Kirchner também se juntou às críticas com uma longa postagem nas redes sociais . Sua hipótese era que Milei serviu de isca para atrair investidores desavisados. “A partir da sua conta oficial X, você promoveu uma criptomoeda privada, criada por quem sabe quem. Você inflou seu valor tirando vantagem de sua posição presidencial. Milhares confiaram em você, compraram preços altos e em questão de horas perderam milhões, enquanto alguns (aposto que são todos libertários) fizeram fortunas com informações privilegiadas. Milei… Você mesmo OPEROU COMO GANCHO EM UM GOLPE DIGITAL!” Kirchner escreveu.

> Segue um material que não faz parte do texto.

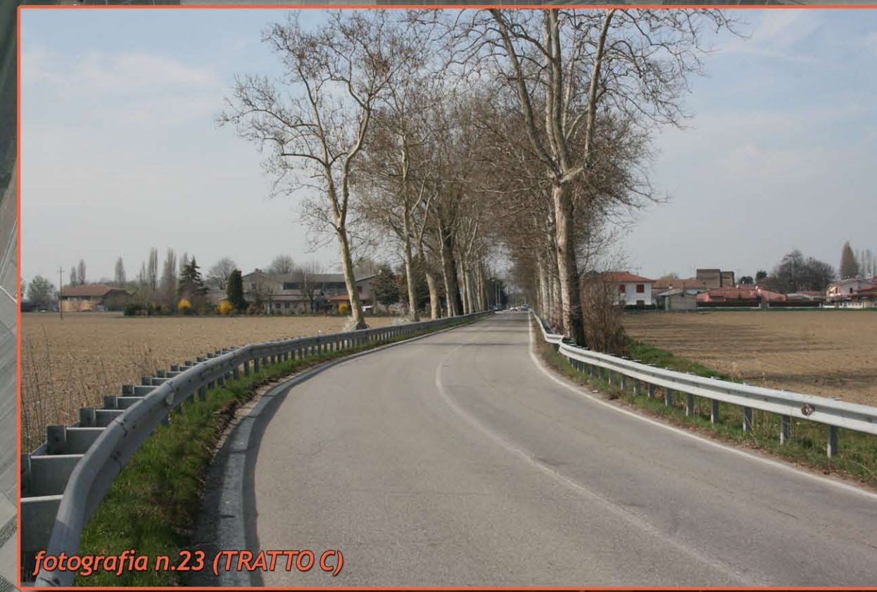
fotografia n.23 (TRATTO C)
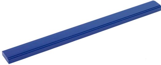
Tabla de madera maciza de pino de 10 cm de ancho mecanizada de acuerdo a la actual normativa, para el alojamiento de la plastilina.
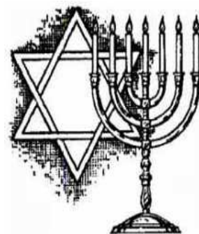
Obrázek č. 2 Menora

Středověká Evropa patřila ke křesťanskému světu. Bylo to období vládnutí církve a aristokracie, i když církevní moc byla mnohdy silnější. Byly to těžké časy pro židovský národ poněvadž v nejlepším případě je prostě nesnášeli, v horším – vyvražďovali. Ve Středověké Evropě židé nebyli pojmenováni jinak než vrahy Ježíše. Často se schvalovaly zákony, ponižující Židy nebo omezující jejich svobodu. Někdy Židé byli nuceni žít v ghettu: jednotlivých čtvrtích, okroužených stěnou s branou, uzavřenou v noci.
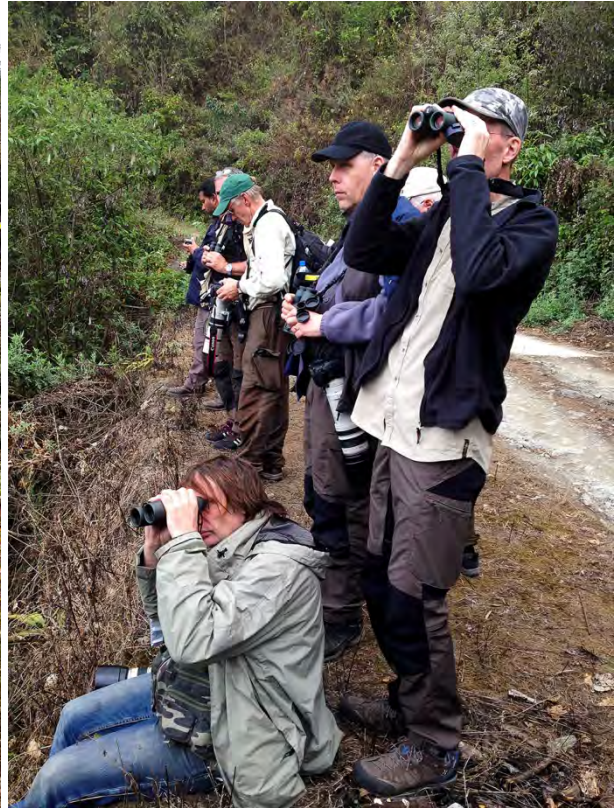
Fältlunch, vila, Lama camp och vägsådning i Eglenest Sanctuary.
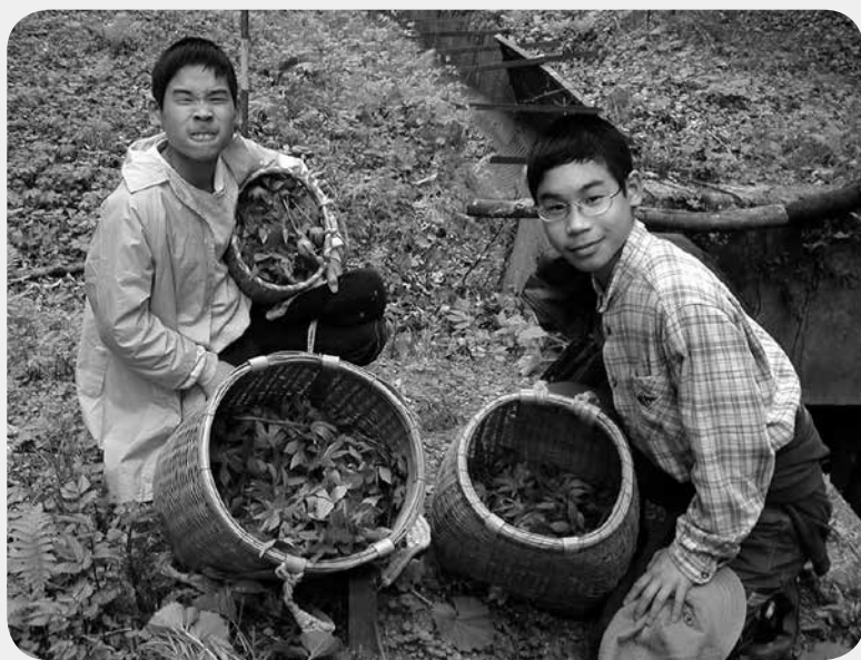
春は山菜 子供らとシドケ取り、1時間程でこの通り（10本で300円の高級食材） 2002.04（11年前）

そこを紹介してくれた人が、「まあ、どんなもんか1年くらい住んでみて野菜を育てたらいいちゃ」と言ってくれたことで月1万円で家も畑地も借りることになった。
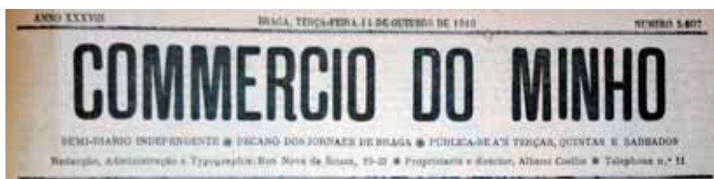
Comércio do Minho.

Concluimos que este jornal defende e pretende impor os interesses monárquicos, apesar de se declarar independente. A neutralidade política e a identificação com o interesse geral constituem elementos centrais na estratégia de O Comércio do Minho .
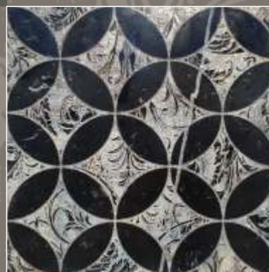
LUMEN NS Nero Marquinia
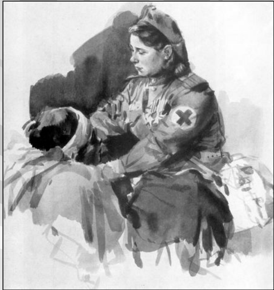
«Ласковые руки» Климашин. В. С.
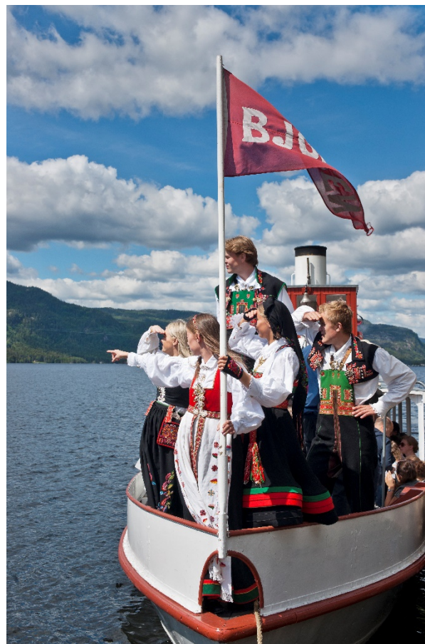
Stø kurs

Samla sett gjev planforslaget ein reduksjon i CO 2 -utslepp på om lag 82% basert på Miljødirektoratet sin metodikk.
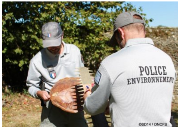
Inspecteurs de l'environnement de l'ONCFS

Basés à Mézidon vallée d'Auge et Seulline, les agents du service départemental ONCFS sont quotidiennement sur le terrain pour faire respecter le code de l'environnement et mener des études sur la faune sauvage et ses habitats. Que ce soit la police de la chasse, le respect des espaces protégés, le contrôle de la vente et de la détention d'espèces de faune et flore protégées ou le contrôle de la circulation des véhicules à moteur dans les milieux naturels, les missions de police représentent 90 % de leur temps d'activité.
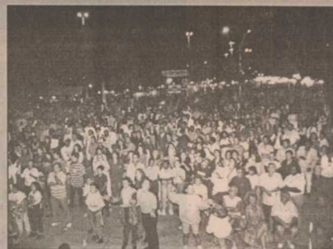
O primeiro dia de festa reuniu um público razoável

De acordo com o programa de festividades da prefeitura, após a cerimônia de entrega dos títulos de Cidadão aos homenageados na Câmara, seguiu-se a apresentação da Banda do Corpo de Bombeiros do Estado do Rio de Janeiro, na Praça do Centro. Esta, em um concerto irrepreensível, brindou o público com belíssimas peças populares, como Aquarela do Brasil, de Ari Barroso, As Pastorinhas, de Braguinha, Coação de Estudante, de Milton Nascimento, além de músicas clássicas. Depois dela, foi a vez do Coral Amadeuzinho apresentar-se para um público que esperava o show de Danilo Caymmi. Quando este finalmente pisou o palco, a ovação foi geral. Danilo abriu a noite com "You Pra Maracangalha" e a partir daí seguiram-se pérolas atrás de pérolas. No fim do show, uma surpresa: o filho chamou o pai para acompanhá-lo em dueto. Dorival não se fez de rogado. No palco, o mais novo Cidadão Riostrense cantou e sambou, com graça e maestria.
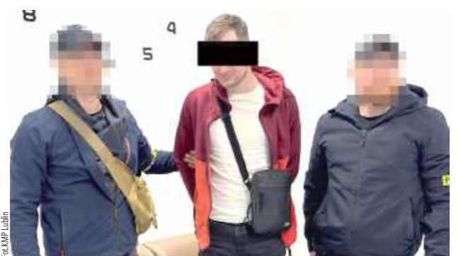
Na wniosek śledczych został tymczasowo aresztowany na trzy miesiące

- Operacyjni od razu postanowili zweryfikować zgłoszenie i zaplanowali zatrzymanie. W czasie obserwacji zauważyli samochód marki Audi, którym miał poruszać się 28-latek. W okolicy miejsca zamieszkania mężczyzny zdecydowali o zatrzymaniu. Mieszkaniec Beżyc był kompletnie zaskoczony. Nie spodziewał się interwencji
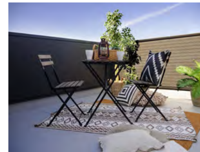
バルコニー(当社施工例)
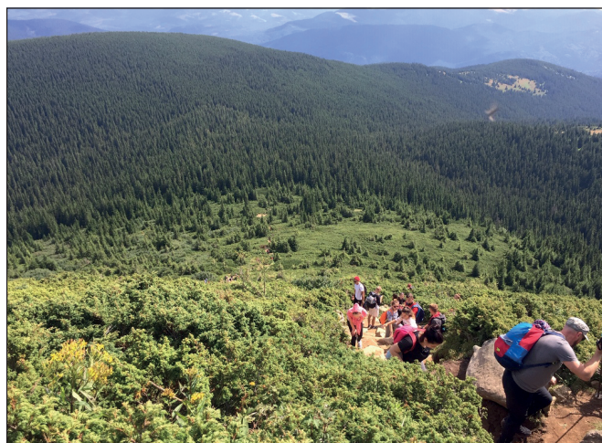
Ще одне невелике зусилля – і вершина!
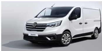
HVID - Mineral
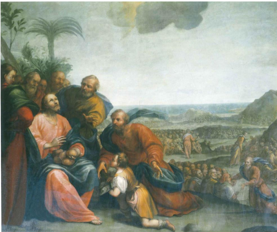
8. Gaspare della Vecchia Čudo umnažanja kruha i riba 1711. godina ulje na platnu, 300 x 340 cm južni zid broda crkve Marije od Milosrđa, Buje
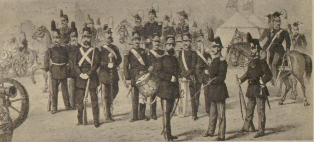
Das Bürgermilitär kurz vor der Auflösung 1866, nach der Parade auf dem Heiligengeistfeld
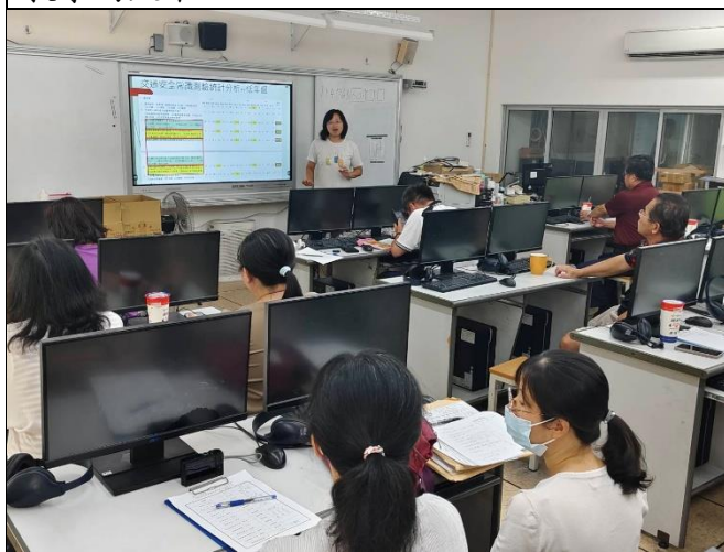
照片說明：利用週三教師研習進行學生交通安全常識測驗統計分析，提供各位老師施行交通安全教育教學策略及主題的調整參考。
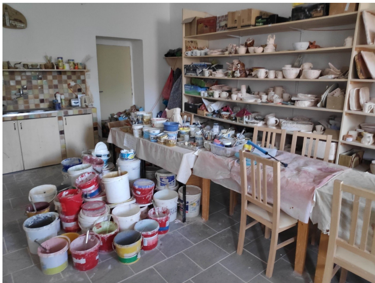
Obr. 2 Keramická dílna

Myšlenka celého projektu komunitního centra se vytvářela dlouhodobě na základě různých impulzů, které postupně vykrystalizovaly do myšlenky vytvoření komunitního centra. Prvním impulzem bylo převzetí a provozování keramické dílny, která původně vznikla v prostorách místního kláštera. Dalším potom vytvoření dětské skupiny pro děti, které nemohly být z kapacitních důvodů přijaty do mateřské školy. Třetím impulzem pro vytvoření komunitního centra byla skutečnost, že místní knihovna se začala rozrůstat a potřebovala větší prostory a zázemí. Tyto hlavní tři impulzy spolu s některými dalšími, jako například nedostatek vhodných prostor pro poradny sociálních služeb ve městě, vyústily v myšlenku soustředit všechny tyto aktivity do jednoho objektu. Tento objekt byl vybrán a následně zrekonstruován. Důležitým faktorem při rekonstrukci objektu bylo to, že již od počátku vedení města Nové Hradky vědělo, co by mělo komunitní centrum zahrnovat. Investiční projekt výstavby komunitního centra byl od začátku navržen tak, aby obsahoval prostory knihovny a čítárny, komunitní kuchyňku, hernu pro děti, keramickou dílnu, učebnu a prostory pro poradenské služby. Jedinou součástí, která nebyla dlouhodobě plánována a vznikla až při výstavbě komunitního centra, je komunitní dílna.

Tentativa de esclarecimento
Quando a situação já estava insustentável, Milei apagou sua mensagem e tentou um esclarecimento. "Algumas horas atrás, publiquei um tweet , como fiz tantas outras vezes, apoiando uma suposta empresa privada com a qual obviamente não tenho nenhuma ligação. Eu não estava ciente dos detalhes do projeto e depois de tomar conhecimento dele decidi não continuar a divulgá-lo (por isso apaguei o tweet )”, escreveu ele na madrugada de sábado. Não houve pedido de desculpas aos afetados, mas houve ataque aos que o criticaram e o acusaram de ser um vigarista: “Aos ratos imundos da casta política que querem se aproveitar dessa situação para fazer mal, quero dizer que a cada dia eles confirmam o quão vis são os políticos, e aumentam nossa convicção de dar um chute na bunda deles.” O prestígio da palavra presidencial já estava em jogo e Milei calculou que não tinha muito a perder com o ataque.
A empresa por trás do $Libra, a Kip Network, também fez a sua parte. “Hoje foi o lançamento do projeto Viva La Libertad. O Presidente Milei não estava e não está envolvido no desenvolvimento deste projeto, como ele mesmo mencionou. "Esta é uma empresa completamente privada", escreveram em sua conta oficial. Em outubro passado, Milei se encontrou com executivos da Kip Network para, como a empresa disse na época, “explicar como a tecnologia de inteligência artificial descentralizada da Kip se alinha com a visão da Argentina de se tornar um centro de tecnologia global”.
A Casa Rosada ficou satisfeita no sábado com o esclarecimento de Milei, enquanto suas espadas políticas se uniram para acusar a oposição de aproveitar a situação para promover um golpe de estado. Sebastián Pareja, o homem forte do Libertad Avanza, na província de Buenos Aires, tentou pelo menos uma defesa original. “Senhor Presidente, obrigado por esclarecer publicamente. A lógica da casta seria permanecer em silêncio e enviar os sipaios para desmantelar qualquer questão", escreveu ele nas redes sociais.
Esta não é a primeira vez que Milei se envolve em um escândalo relacionado ao mundo das criptomoedas. Em 2021, quando era membro do parlamento, ele foi criticado por promover a empresa CoinX, que mais tarde seria envolvida em uma denúncia de supostos esquemas de pirâmide. Em 2023, a empresa foi acusada de fraude, seus 23 escritórios foram invadidos pela justiça e quatro de seus executivos acabaram na prisão. Milei se defendeu argumentando que havia dado apenas “uma opinião profissional” sobre a CoinX.